Q67. What is a natural join?

Automatically joins on all columns with the same name in both tables. Avoid it — it's implicit and fragile to schema changes.

Q68. How do you find rows in table A with no match in table B?

Anti-join via LEFT JOIN + IS NULL:

SELECT c.* FROM customers c
LEFT JOIN orders o ON o.customer_id = c.id
WHERE o.id IS NULL;

Q69. Why might a JOIN return more rows than expected?

A one-to-many or many-to-many relationship multiplies rows. Duplicate keys on the joined side fan out the result. Use DISTINCT or aggregate appropriately.

Q70. What is the difference between explicit and implicit join syntax?

Explicit uses JOIN ... ON. Implicit lists tables in FROM with conditions in WHERE (FROM a, b WHERE a.id = b.a_id). Prefer explicit — it's clearer and avoids accidental cross joins.

Q71. How do you join on multiple columns?

JOIN ON a.region = b.region AND a.year = b.year

Q72. Can you join a table to a subquery?

Yes — a derived table:

SELECT e.name, t.total
FROM employees e
JOIN (SELECT employee_id, SUM(amount) total FROM sales GROUP BY employee_id) t
  ON t.employee_id = e.id;

Q73. What is a lateral join?

A LATERAL (PostgreSQL) / CROSS APPLY / OUTER APPLY (SQL Server) lets a subquery reference columns from preceding tables in the FROM clause — useful for top-N-per-group.

Q74. How do you get the top N rows per group using a join?

Use LATERAL=/=APPLY or a window function (see Q132). Example with LATERAL:

SELECT d.name, top.name, top.salary
FROM departments d
CROSS JOIN LATERAL (
  SELECT name, salary FROM employees e
  WHERE e.department_id = d.id ORDER BY salary DESC LIMIT 3
) top;

Q75. What performance considerations apply to joins?

Ensure join columns are indexed, join on the smallest necessary result set, prefer inner joins when semantics allow, and watch for unintended row multiplication. The optimizer chooses join algorithms (nested loop, hash, merge) based on statistics.

Aggregation & Grouping

Q76. What are aggregate functions?

Functions that compute a single value over a set of rows: COUNT, SUM, AVG, MIN, MAX.

Q77. How does GROUP BY work?

It collapses rows sharing the same grouping-column values into one row per group, over which aggregates are computed:

SELECT department_id, AVG(salary)
FROM employees GROUP BY department_id;

Q78. Can you select a non-aggregated column not in GROUP BY?

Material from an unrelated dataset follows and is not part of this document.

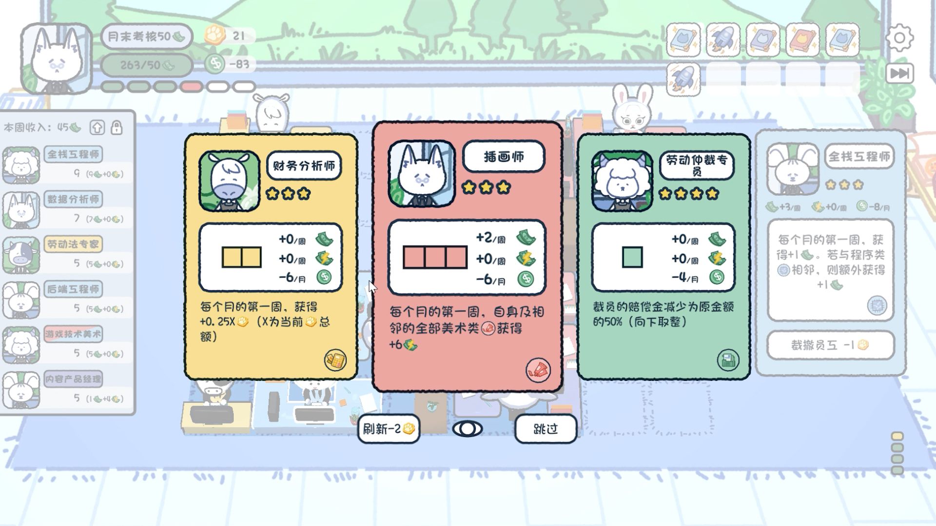 - 游戏的核心牌组构建玩法,主要指员工技能系统的实现

No (in standard SQL and most engines) — every selected column must be aggregated or appear in GROUP BY. MySQL historically allowed it with surprising results (ONLY_FULL_GROUP_BY now blocks it).

Q79. How do you filter groups?

With HAVING:

SELECT department_id, COUNT(*) AS cnt
FROM employees GROUP BY department_id
HAVING COUNT(*) > 5;

Q80. How do AVG/SUM treat NULLs?

They ignore NULLs. AVG divides by the count of non-null values, which may differ from total row count.

Q81. What is GROUP BY with multiple columns?

Creates a group for each unique combination of those column values:

SELECT department_id, job_title, COUNT(*)
FROM employees GROUP BY department_id, job_title;

Q82. What are GROUPING SETS, ROLLUP, and CUBE?

Extensions to compute multiple grouping levels in one query. ROLLUP produces subtotals + grand total along a hierarchy; CUBE produces all combinations; GROUPING SETS lets you list exactly which groupings you want.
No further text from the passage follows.